A million vectors on a laptop: the honest vector-search numbers
Crowkis is a cache with a vector index, not a vector database — but it should still hold up at scale. We indexed 100K and 1M vectors and measured build time, search latency, and recall. Including where dedicated vector DBs still win.
Crowkis embeds an HNSW vector index in-process, which raises a fair question: how far does that scale before you'd want a real vector database? We measured it honestly at two sizes — 100,000 and 1,000,000 vectors — on the same CPU-only laptop everything else here ran on.

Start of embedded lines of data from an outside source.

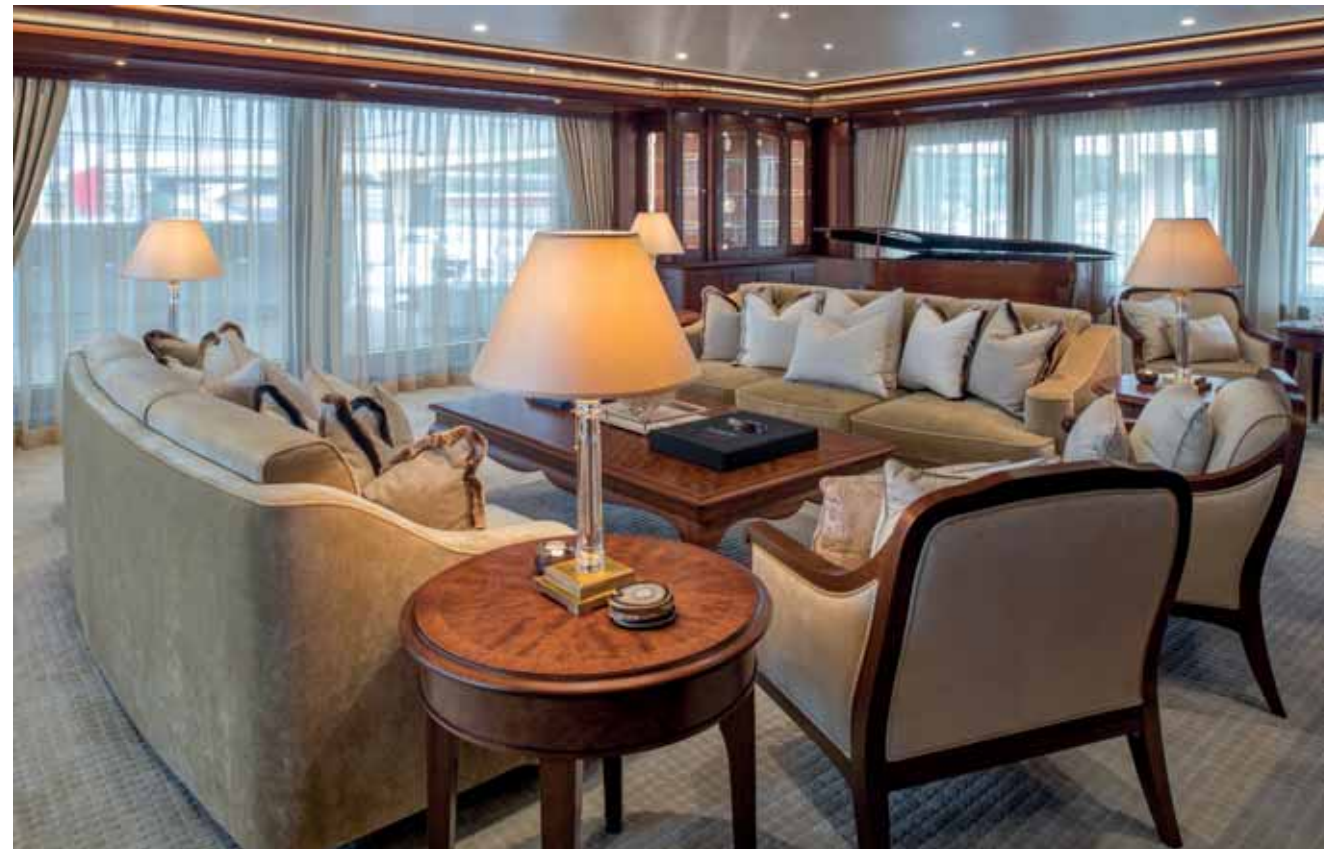
Main deck salon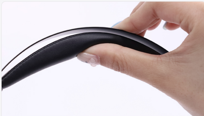
Soft padded leather sling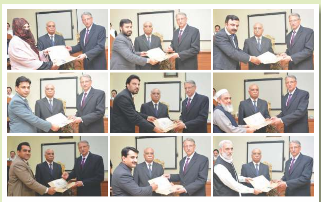
Registrar, Supreme Court Awards certificates in the ceremony.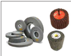
EXL DEBURRING WHEEL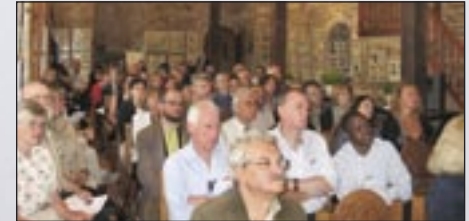
Delegates at the Prigogine Award 2008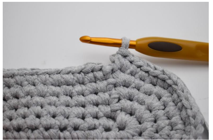
When you finish your round with a sl st, it can look like you're skipping a stitch. However, this stitch is called a fake stitch and you do not crochet into it.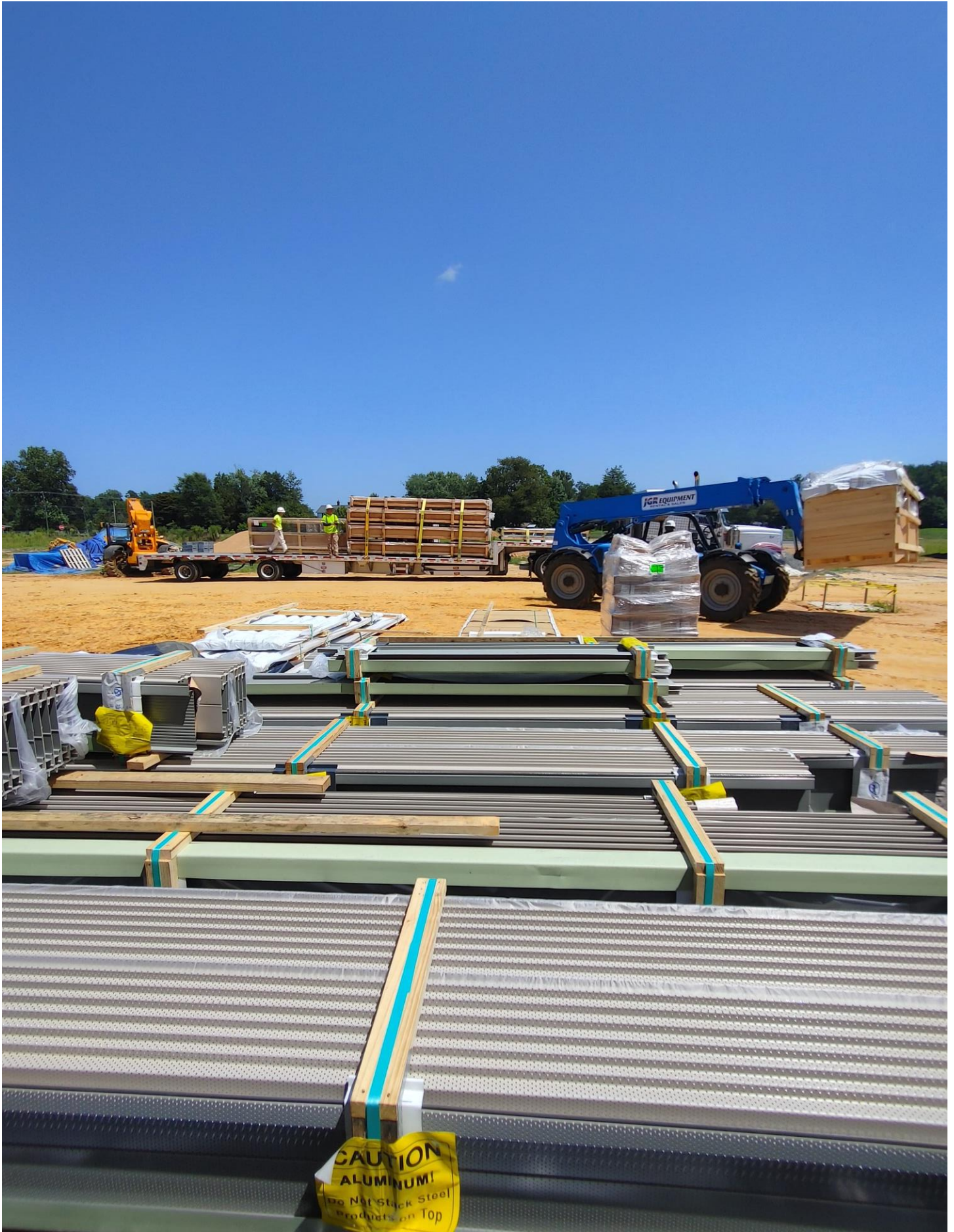
Photo 10 - Metal Panels are being off loaded and staged.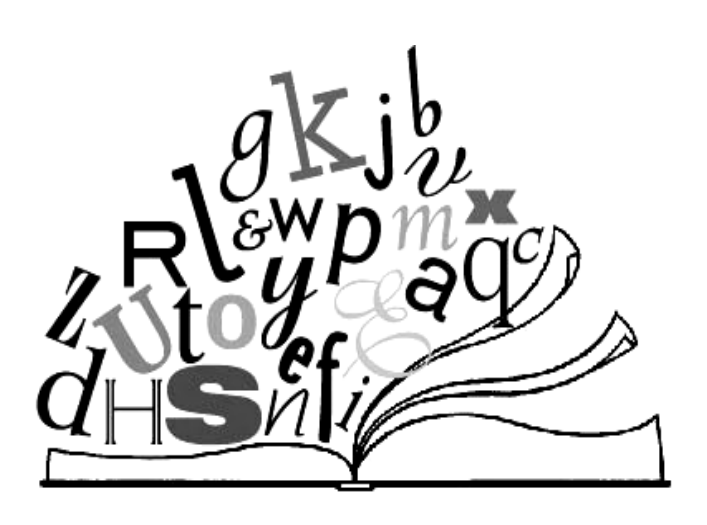
Commonwealth of Virginia Department of Education Richmond, Virginia 2004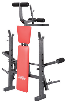
Folds for storage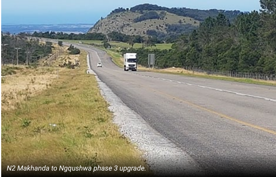
N2 Makhanda to Ngqushwa phase 3 upgrade.

As part of a comprehensive plan to enhance the quality of the National Route N2 between Gqeberha (Port Elizabeth) and Qonce (King William's Town), the South African National Roads Agency SOC Limited (SANRAL) is upgrading several sections of the road.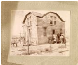
Photo of the Purdy Hotel (1979.23.161)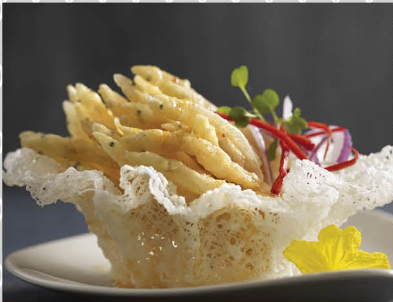
泰式白饭鱼 Thai Style Crispy-Fried Silver Bait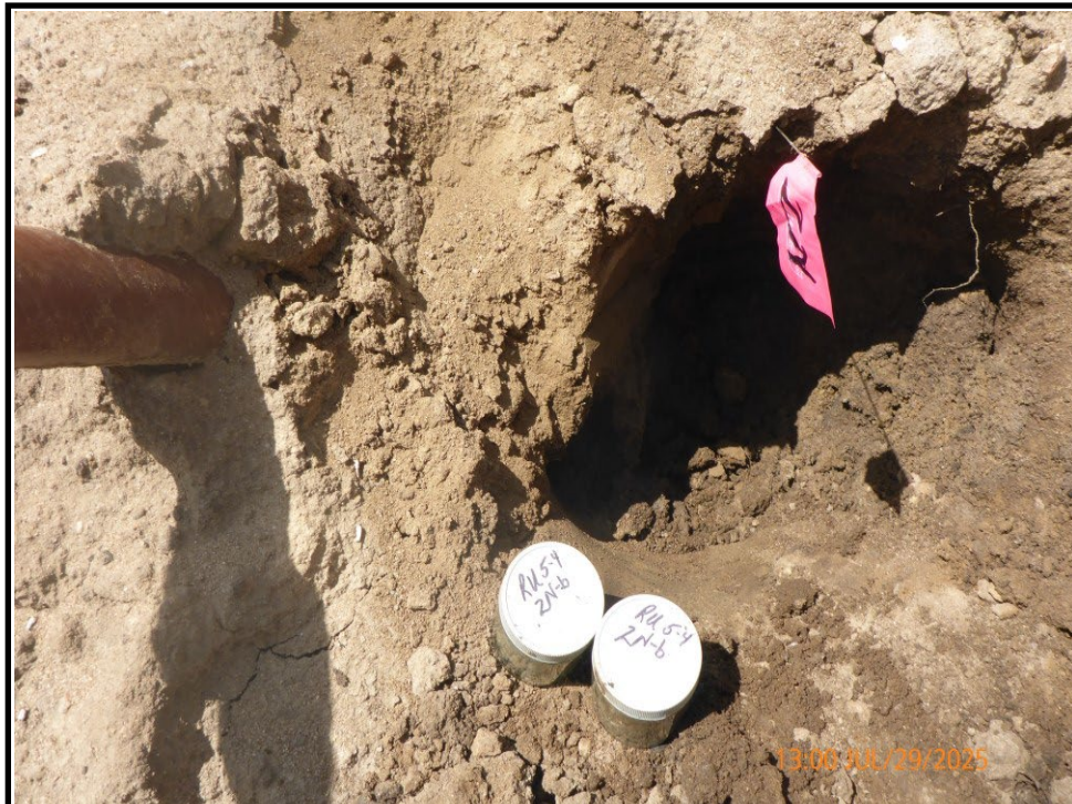
Rhoades Unit (RU) 5-4 – Sample 2N-b Location (Lateral Extent to the North)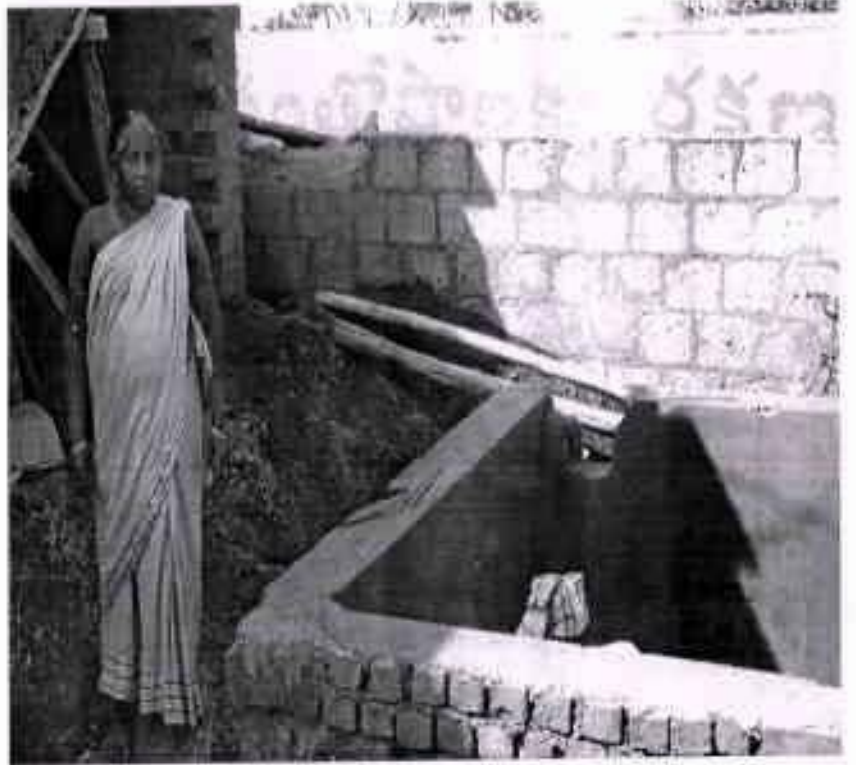
Toilets under construction after the ODF drive by mandal development office survey.

Recall@10 was 100% at both sizes — the neighbours it should find, it finds.
At 100K vectors — comfortably larger than most caches' working sets — search averages 9.2 ms with perfect recall in our test. At 1M, latency rises to 94 ms, still with full recall. Index build throughput holds around 3,000–3,800 vectors per second, so a million vectors indexes in a few minutes.
Now the honest part. These are beta-quality proof points, not a challenge to Qdrant, Pinecone, or Weaviate. Dedicated vector databases lead decisively on raw scale, on operational maturity, and on the billion-vector workloads they're built for. Crowkis's in-process index earns its place by removing a network hop for cache-sized working sets — millions, not billions — where keeping vectors beside the cache engine buys the sub-millisecond read path.
Use the right tool. Crowkis is a semantic cache that happens to search vectors well at cache scale — not a vector DB pretending to be a cache.
If your working set is a few million entries and you want them next to the cache that uses them, the in-process index is a feature. If you're indexing a billion documents for retrieval, that's a vector database's job, and Crowkis will happily sit in front of it as the cache. Knowing which problem you have is the whole decision.